Punchlet As a Function¶
Abstract
A punchlet is a function transforming some input data. It is meant to be deployed in a punchlet runtime engine typically part of a data processing pipeline.
Punchlets Explained¶
Consider a simple example: rhe following punchlet adds one field to whatever input data is given:
{ [user][age] = 22; }
This syntax is short and easy. Here is how it actually works. A punchlet is a Java class instance. Its actual signature is defined as follows:
/*
* Your punchlet is an object implementing some interface.

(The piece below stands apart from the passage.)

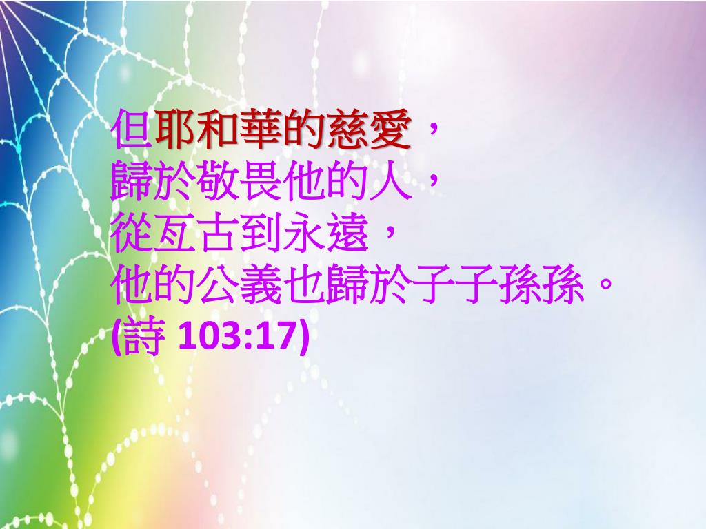 但耶和華的慈愛, 歸於敬畏他的人, 從亙古到永遠, 他的公義也歸於子子孫孫。 (詩 103:17)

* A punchlet is created and injected with some fields, in particular
* resource JSON files, groks patterns, a so-called world Tuple to give your
* Punch let access to the outside world, etc .. .
*
* A punchlet must implement a single 'execute' function, the one that will be executed
* with the input data.
*/
class Punchlet {
/*
* @param root : the root Tuple, containing the data (logs, events, whatever)
*/
void execute(Tuple root) {
// your punchlet code
root:[user][age] = 22;
}
}
It is only to make it simpler that the Punch short notation is provided. When you write
{ [user][age] = 22; }
The Punch compiler will take care of filling the rest, and at runtime additional resources will be injected to your punchlet.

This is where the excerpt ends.